AN UNEXPECTEDLY large rebound in jobs has helped NSW reach a record level of employment in March, and cut the headline unemployment rate below 5 per cent for the first time in a year.
In another sign that the state is moving on from its sluggishness over the past decade, seasonally adjusted employment rose for the third month in a row in March, and has now retraced all its 2011 losses.
Seasonally adjusted employment climbed 19,100, mostly in part-time jobs, but with a net 7800 gain in full-time jobs. Unemployment dived from 5.1 per cent to 4.8 per cent.
The Australian dollar soared almost a cent yesterday, and financial markets became less certain about another interest rate cut after the seasonally adjusted figures nationally traced a spectacular zag to last month's zig, with a gain of 44,000 jobs.
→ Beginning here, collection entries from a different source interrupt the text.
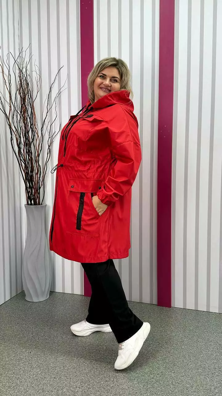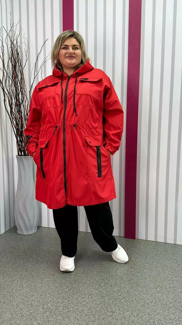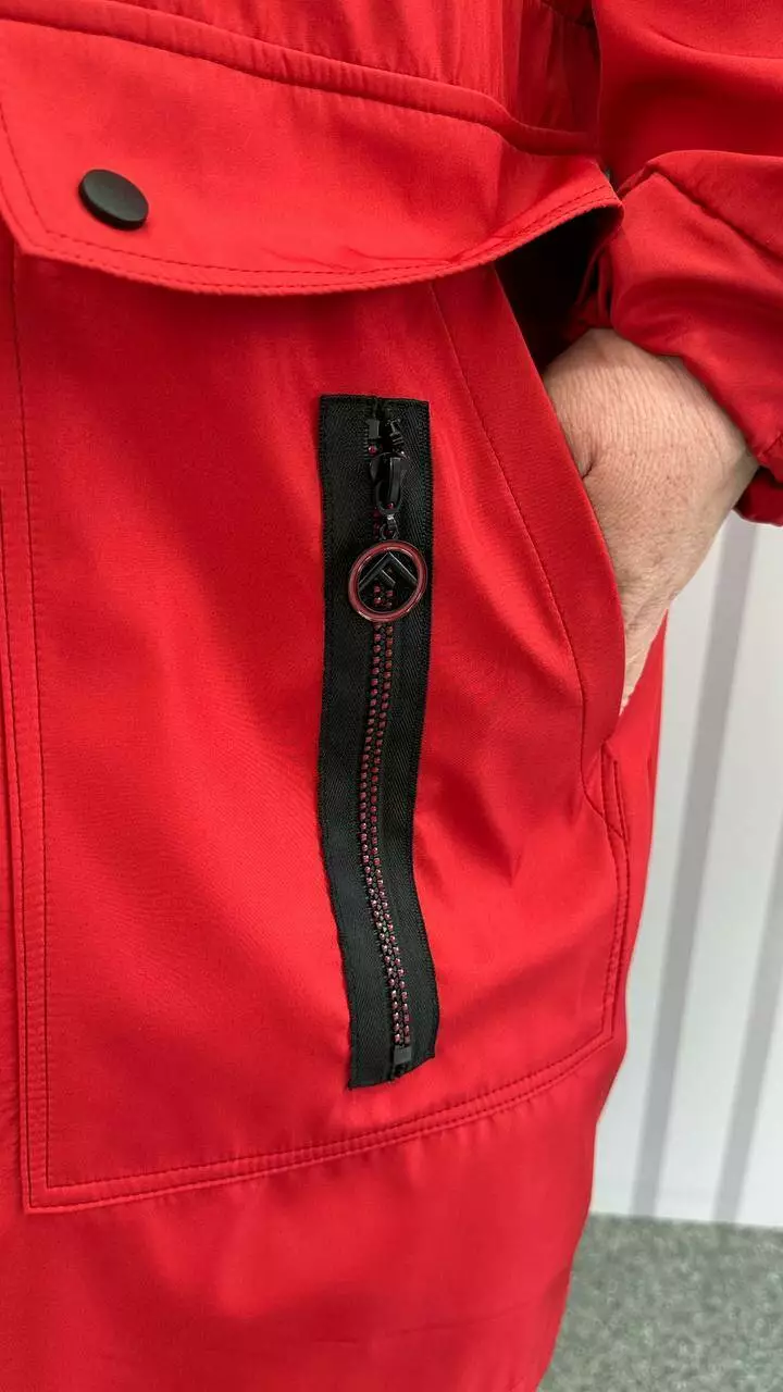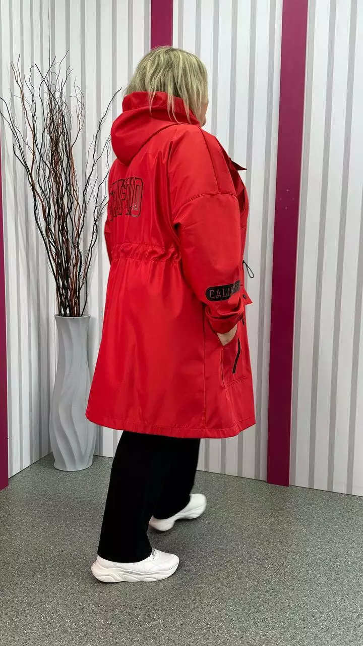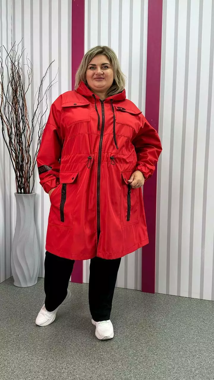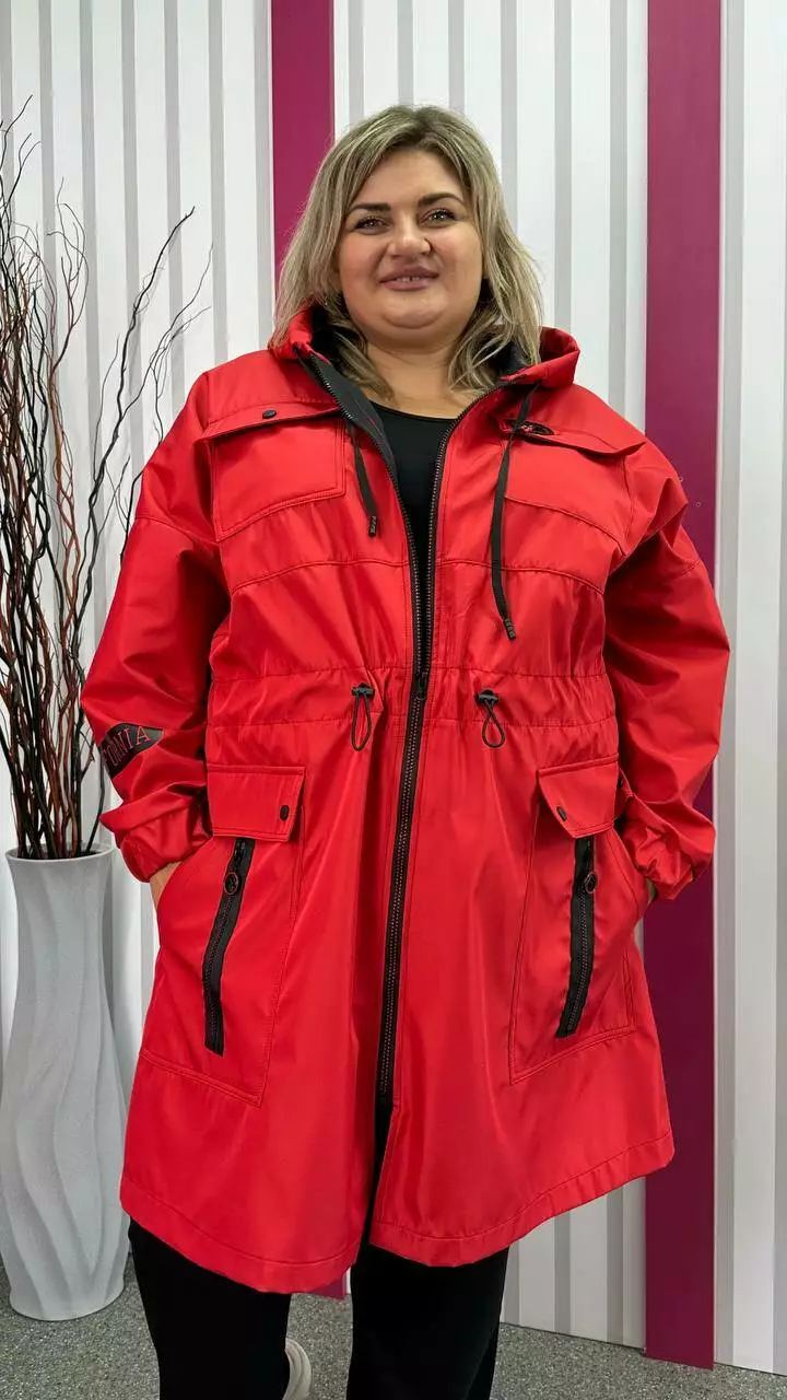 Тканина щільна, не пропускає вітер та воду, тримає форму, дуже гарної якості. Фасон вільний, талія регулюється лаштунками, по грудях оверсайз, спущене плече, манжет на гумці. Кишені накладні, з капюшоном. Прикрашена якісним накатом.
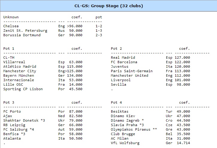 В случае прохода в групповой этап турнира именно эти команды попадают в третью корзину, но вылет двух из них позволит «Бешикташу» и «Динамо» занять освободившееся места.
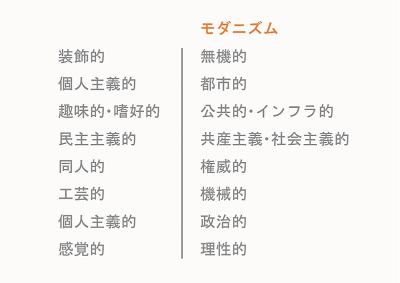 生活に根ざしているというところですね。だから、どちらかというとモダニストは理念で突っ走るような人が多い印象なんですよ。すごく理性的なんだけれど、行きすぎた合理性を求めたり、また功利主義的なところがあって、一部の人たちを置いてけぼりにするような暴力性を感じます。
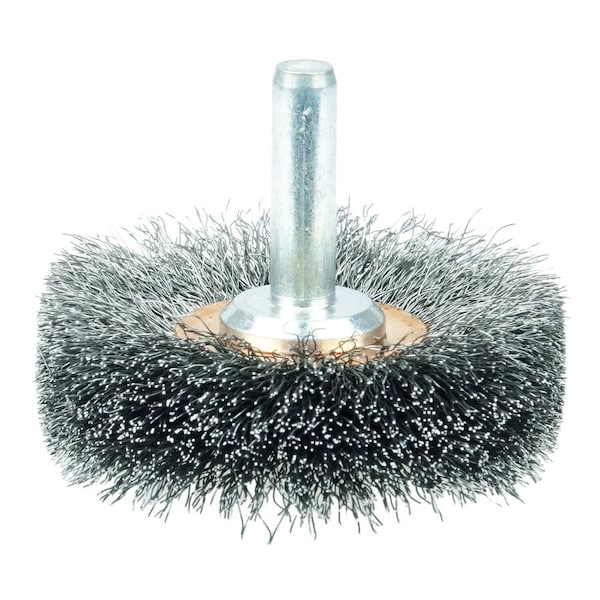Weiler 2-1/2" Narrow Face Stem-Mounted Crimped Wire Wheel provides a flexible brushing action for cleaning and deburring applications on Steel. The permanently-attached 1/4 in stem are intended for use on CNC,/Milling/Automatic Machines, Die Grinders, Drills, Drill Presses, Right Angle Die Grinders and Straight Grinders. Although they can also be mounted onto a drill, the speed and power of that tool will decrease the effectiveness of the brush. Featuring Weiler's solid ring construction, these radial wheels are available in heat-treated steel, type 302 stainless steel and brass wire. Provide a Very Flexible Brushing Action. Crimped wire wheels with a permanently-attached 1/4 in stem or shank are primarily intended for use on high speed die grinders. Although they can also be mounted onto a drill, the speed and power of that tool will light weight the effectiveness of the brush. Featuring Weiler's solid ring construction, these radial wheels are available in heat-treated steel, type 302 stainless steel and brass wire. .
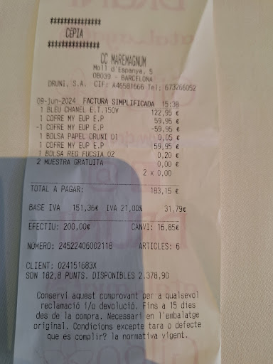 Read moreJ’ai vécu une expérience très décevante dans ce magasin. Le 21/08/2024, j’ai acheté pour 260€ de parfum, dont le Zadig & Voltaire “This is Her”. Une fois rentrée chez moi, j’ai constaté que le parfum était de couleur jaune, ce qui m’a énormément surprise car je l’achète depuis 5 ans et je n’ai jamais vu un flacon de cette teinte. À noter que le parfum du testeur en magasin était bien blanc, comme tous ceux que j’ai achetés auparavant.

It was the fourth month in a row that the figures followed a zigzag pattern, falling and rebounding. But the rebounds have been bigger than the falls, and in March, seasonally adjusted employment climbed to a record of just under 11.5 million Australians in work.
Unemployment remained at 5.2 per cent, with thousands of people coming off the sidelines to look for work. Over the past year, most of the growth in the adult population has been among people who are neither employed nor unemployed, just not looking for work.
But economists pointed out the zigzag pattern of recent months suggests the figures could give a misleading impression, with no certainty that the rise in March will be sustained.
The Bureau of Statistics points to its trend figures, which smooth out the zigs and zags. They show slow growth in employment, with just 25,000 jobs added in the past six months, enough to employ only a fraction of the 118,500 growth in the working age population.
The rebound in NSW is sustained on the trend measure. Even after taking out zigs and zags, the state has added 25,000 full-time jobs in the past six months. While total employment grew just 6000, unemployment fell from 5.4 per cent to 5 per cent.
Western Australia remains the jobs dynamo, after a year in which the amount spent on mining investment climbed more than the entire growth in gross domestic product. In the past six months, the trend figures estimate Western Australia has added 31,000 jobs, while Victoria has lost 23,500.
NSW has now overtaken Victoria as the best-performing state in the south-east, with the first buds of a housing recovery, new mining investment and exports, and solid consumer spending insulating it from the slump in the rest of the south-east.
The state Treasurer, Mike Baird, gave the figures a cautious welcome. "While the current environment is an ongoing challenge ... it's pleasing to see that total employment rose 19,100," he said. "This puts us second to Western Australia in jobs growth.
"However, significant economic uncertainty remains, and we expect that this will put further pressure on jobs over the coming year."